According to https://github.com/tomas/needle/blob/master/lib/multipart.js#L45, needle tries to heuristically determine if it should process and re-encode the payload data based on the content-type; there is apparently no way to instruct it to skip this re-encoding and send the data exactly as-is while still using a text content-type.
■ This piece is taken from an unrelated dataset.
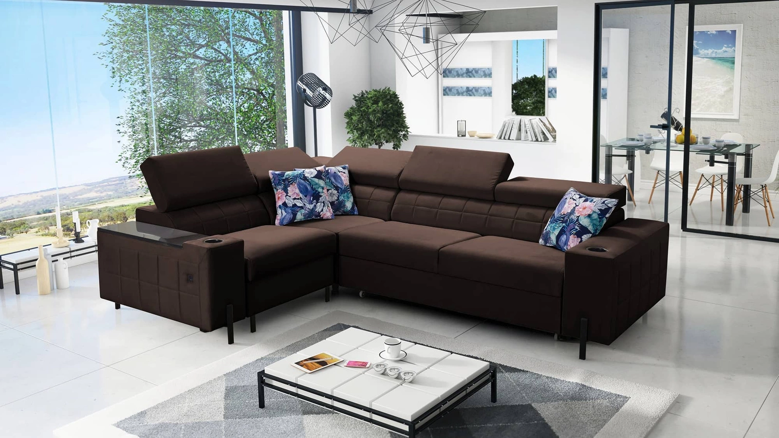 Gewellte Federn und T30-Polyurethanschaum ist das Material, aus dem der Sitz der Ecke hergestellt ist. Feste Rückenlehne mit verstellbaren Kopfstützen ermöglicht eine einfache anpassung sie können die Neigung der Kopfstützen nach Ihren Wünschen einstellen und so für eine bequeme Erholung nach einem langen Tag sorgen, die Sie, Ihre Lieben und auch Ihre Gäste, die auf diesem einzigartigen Ecksofa Platz nehmen, zu schätzen wissen werden!
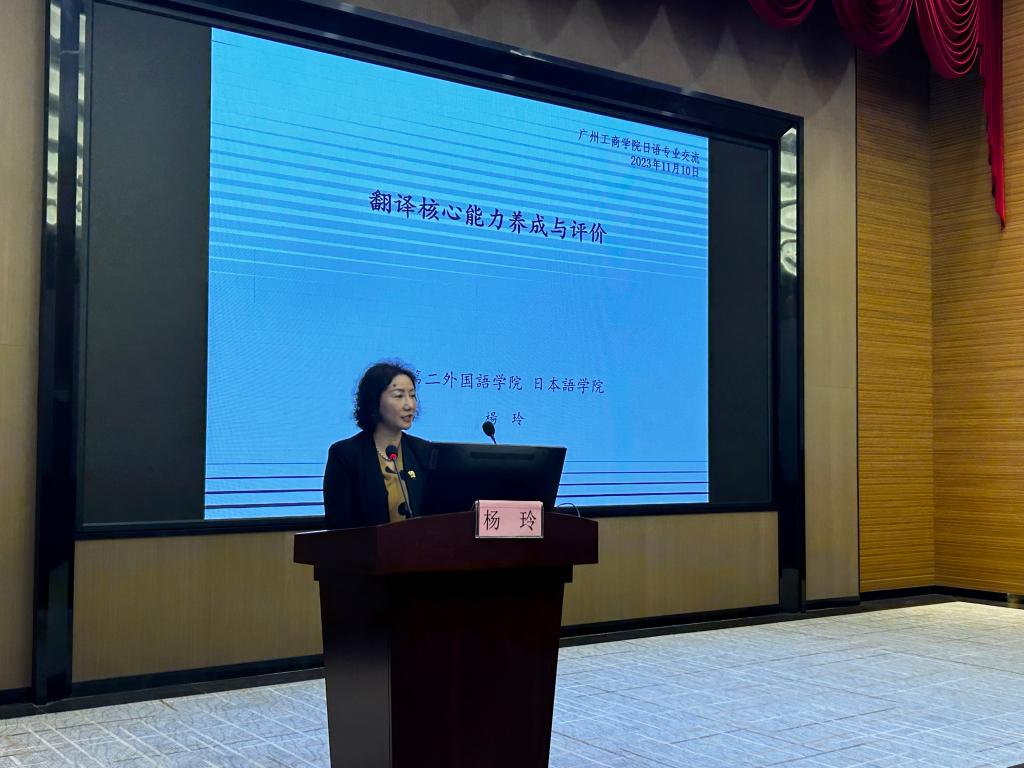 11月10日上午10:30,外语学院在花都校区图书馆成功举办了工商大讲堂2023年第三十期学术讲座,主题为“翻译核心能力养成与评价”。本次讲座由北京第二外国语学院日语学院院长、博士生导师杨玲教授担任主讲嘉宾,吸引了近百名对翻译和外语学习感兴趣的师生参加。

I see. So what should we do in this case? Allow passing something like multipart: 'raw' to skip re-encoding, or include some other method of preventing these weird conversions to happen?
Thanks for the very detailed bug report, by the way!
multipart: 'raw' could be technically workable, but feels very unsatisfying.
If you receive a binary Buffer for that part (or a file, which readFile then turns into a Buffer), wouldn't it make sense to just always send that as binary without re-encoding? In that case, I might just do something like this:
(code example moved to PR #405)
That seemed to work for the test case in this issue, at least: I get the content-type I want, a binary transfer-encoding, and the correct UTF-8 bytes, in both cases.